The differential equation whose solution is $y = ax + b{e^x}:$
a. $(x - 1){y_2} - x{y_1} + y = 0$
b. $(x - 1){y_2} - x{y_1} = y$
c. ${x^2}{y_2} - x{y_1} + y = 0$
d. ${x^2}{y_2} + x{y_1} - y = 0$

Answer 1

We can solve this type of differential equations by differentiating only. We first differentiate the equation with respect to x to eliminate the x from the first term. And then we differentiate that equation again with respect to x, this will give the value of constant b. Putting the values of a and b in the first equation will give us our needed result.
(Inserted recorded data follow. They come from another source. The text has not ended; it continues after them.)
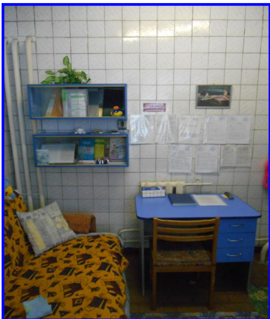
методический уголок инструктора по плаванию
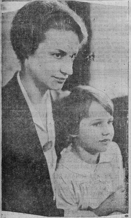
Esta es la última fotografía de Mrs Mable Wi Willebrandt, ex-subprocurador general de los Estados Unidos. La acompaña su hija adoptiva, Dorothy
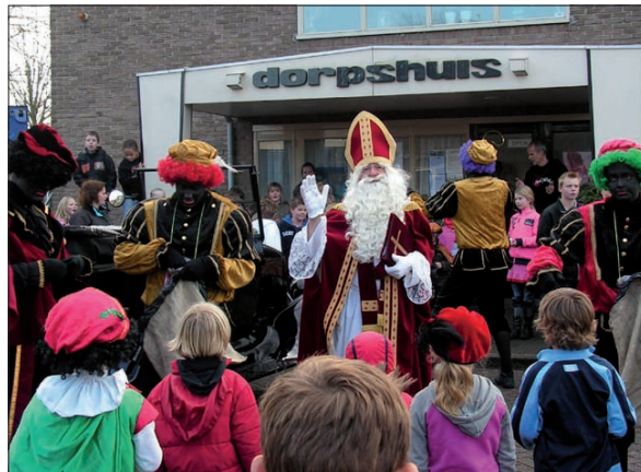
Sint arriveert bij het Dorpshuis van Westbroek.

Deze keer kwam de Sint niet zoals vorig jaar per koets maar in een prachtige oude Ford, bestuurd door de auto-Piet. Het paard had een dagje rust gekregen liet hij de kinderen en hun ouders weten. Opmerkelijk is trouwens dat steeds meer kinderen zich bij de intocht verkleeden als zwarte Piet. Nou ja, lang niet altijd
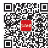
宁波晚报官方微信
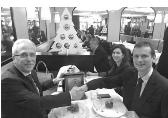
خطار مع نظيره الفرنسي

على يد خبراء فرنسيين بالإضافة إلى إمكانية التعاون في مجالات أخرى ذات الصلة. وأكد على ضرورة متابعة التعاون بكافة المجالات المتعلقة بعمل الدفاع المدني.
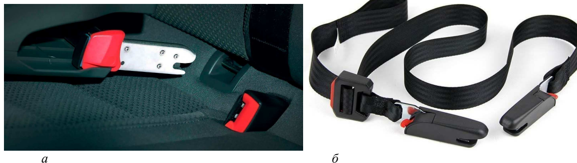
а – крепежи для автокресла в сиденьях автомобиля; б – ремень для крепления автокресла
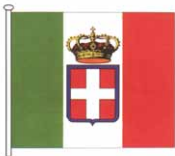
Bandiera Regno di Sardegna (1848-1861) Regno d'Italia (1861-1946)
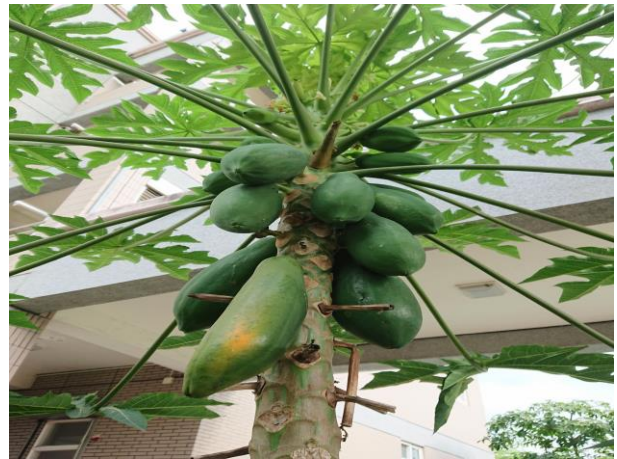
說明: 有一點點黃，快好了!
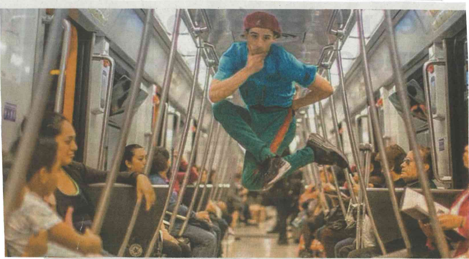
El obstáculo que Metro Chilango enfrenta es que dentro de las instalaciones está prohibido tomar fotos si no se consigue un permiso, aunque hasta la fecha no han tenido problemas.
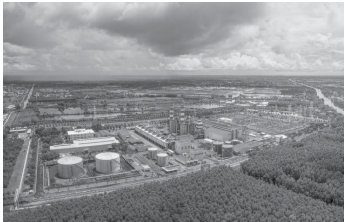
Hình 3. Khu Khí Điện Đạm Cà Mau.

- Trung tâm năng lượng và dịch vụ dầu khí quốc gia: Phát triển điện gió, điện mặt trời là lợi thế, khu công nghiệp Khí Điện Đạm Cà Mau ở vị trí thuận lợi tiếp cận đến thành phố chỉ khoảng 15km.... bổ sung quy mô các năng lượng mới khác cũng như nội hàm của dịch vụ dầu khí quốc gia, bao gồm các hoạt động dịch vụ gì sẽ được đặt tại TP Cà Mau?
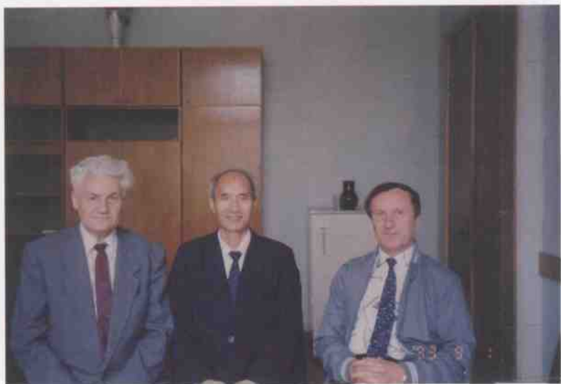
和乌克兰汉学家合影
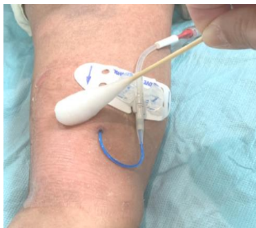
圖二 無菌沖洗棉枝沾滿無菌蒸餾水清潔
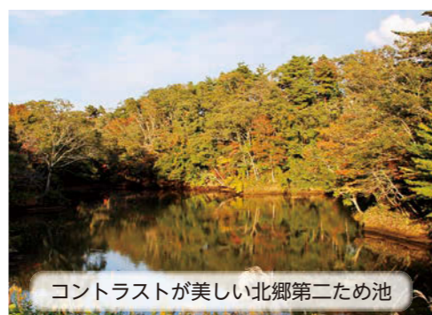
コントラストが美しい北郷第二ため池
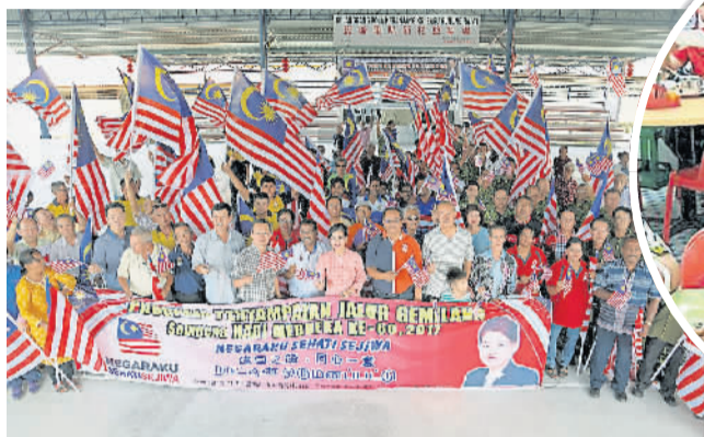
欢庆独立日 60 周年，与务边选民挥动国旗分享喜悦。
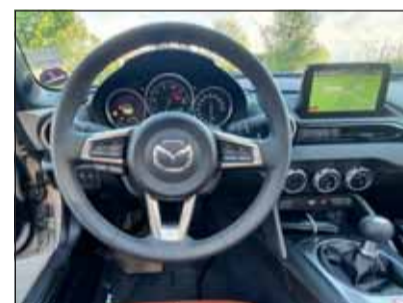
Geborgen: Der MX-5 ist ein echter Strassenfeger für Enthusiasten.

Die 184-PS-Version ist ein Spassmacher erster Güte. Das knackige Sechsganggetriebe passt wie angegossen. Wer einmal in den eng umschliessenden Sitzen Platz genommen hat, möchte kaum mehr aussteigen. Zum einen, weil der MX-5 auf der Passstrasse, wie auf kurvenreichen Überlandpassagen einen unvergleichlichen Spass bereitet, zum andern, weil das Aussteigen einige Akrobatik erfordert. Die Technik scheint unverwundlich (was soll denn da kaputt gehen?), der Genuss ist total und der Preis stimmt. Flink und klein, so muss es sein. RHO
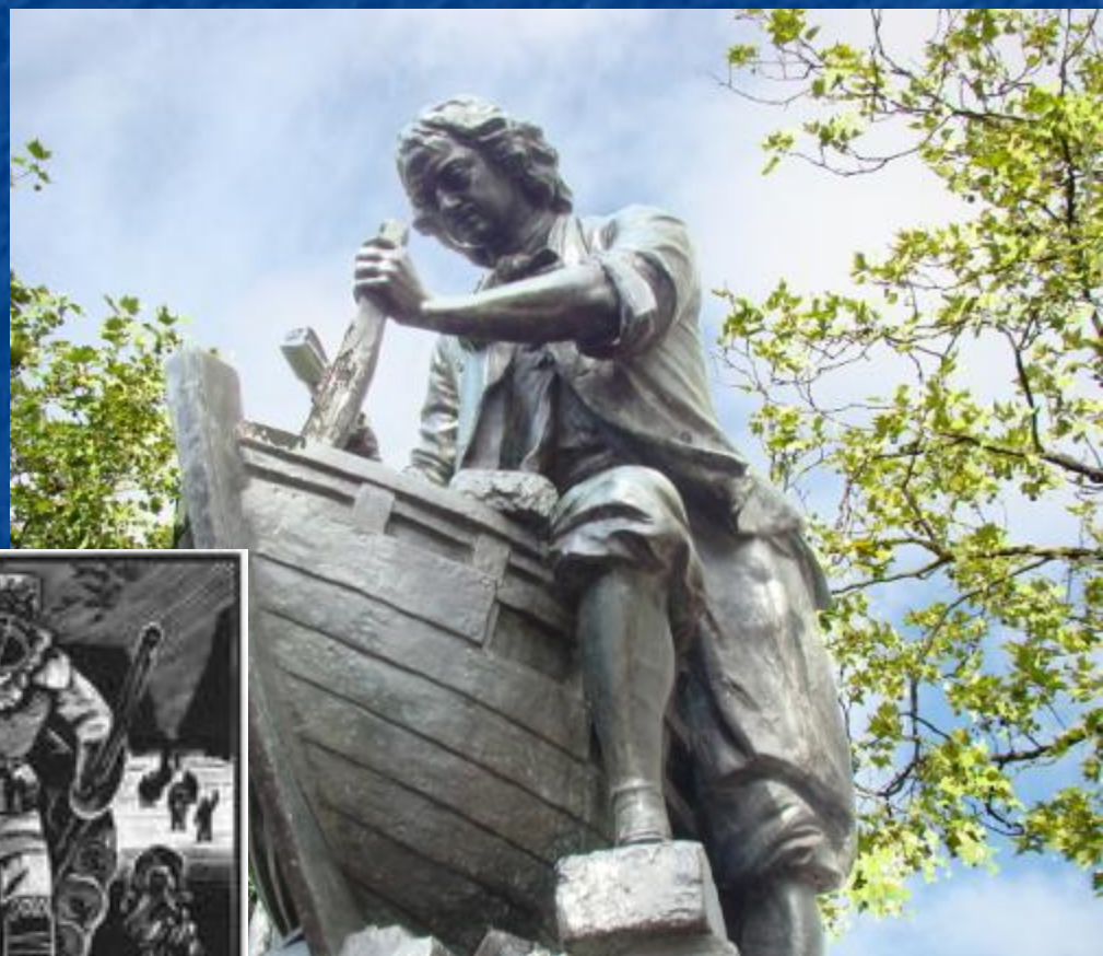
Памятник Петру I в г. Заандаме
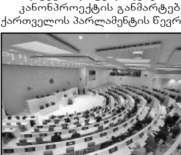
პარლამენტის სესიის დასრულება.

პარლამენტის წევრობის კანდიდატობის შემთხვევაში, საქართველოს პრემიერ-მინისტრს წინასაარჩევნოდ თანამდებობიდან გადადგომის ვალდებულება არ ექნება , – ამას „საარჩევნო კოდექსში“ დაგეგმილი ცვლილებები ითვალისწინებს.
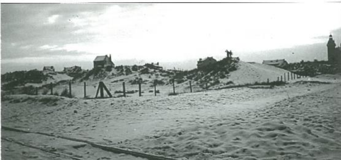
Foto-opname Knokke 26 november 1915, op de bezijde staat in het Duits geschreven: "de eerste sneeuw in Vlaanderen".

Steeds maar storm en regen met als ergste gezel, de 'Belgische sneeuw' namelijk het duinezand. Als gevolg van de zware stormen nestelt dit zand zich in alle hoeken. Maar we blijven hier niet lang meer. Binnenkort is het weerom rugzak aanriemen en gaat het richting loopgraven. Daarenboven is het ook nog bitter koud. Hoofdzaak is dat het goed met ons gaat en dat we niet te klagen hebben."
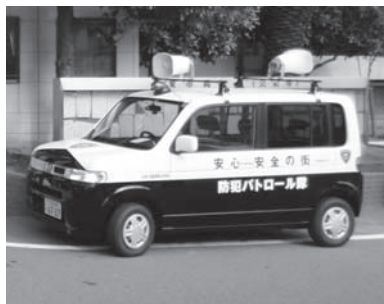
街頭犯罪の抑止や子どもたちの安全確保に効果がある青色防犯パトロールカー(例)

Complete step-by-step answer:
$y = ax + b{e^x}$…….(i)
Differentiating with respect to x we get,
\Rightarrow $$$${y_1} = a + b{e^x} where, ${y_1} = \dfrac{{dy}}{{dx}}$ ……….(ii)
Again, Differentiating with respect to x we get,
$\Rightarrow$ ${y_2} = b{e^x}$ where, ${y_2} = \dfrac{{{d^2}y}}{{d{x^2}}}$
Then,
$\Rightarrow$ $b = {y_2}{e^{ - x}}$
Substituting the value of b in equation (ii), we get,
$\Rightarrow$ ${y_1} = a + {y_2}{e^{ - x}}.{e^x}$
On simplification we get,
$\Rightarrow {y_1} = a + {y_2}$
$\Rightarrow a = {y_1} - {y_2}$
Again, putting the value of a and b in equation (i), we get,
$y = ({y_1} - {y_2})x + {y_2}{e^{ - x}}.{e^x}$
On simplification we get,
$\Rightarrow y = x{y_1} - x{y_2} + {y_2}$
On taking ${y_2}$ common from last two terms we get,
$\Rightarrow y = x{y_1} - {y_2}(x - 1)$
On rearranging we get,
$\Rightarrow (x - 1){y_2} - x{y_1} + y = 0$
So, we have our answer as option a, $(x - 1){y_2} - x{y_1} + y = 0$

Note: In this type of problems the target of the problem is to find the values of distinct constants a and b. Then putting the values of a and b into our given equation will give us our desired result.
Basically we can say that we are eliminating the constants to get a differential equation.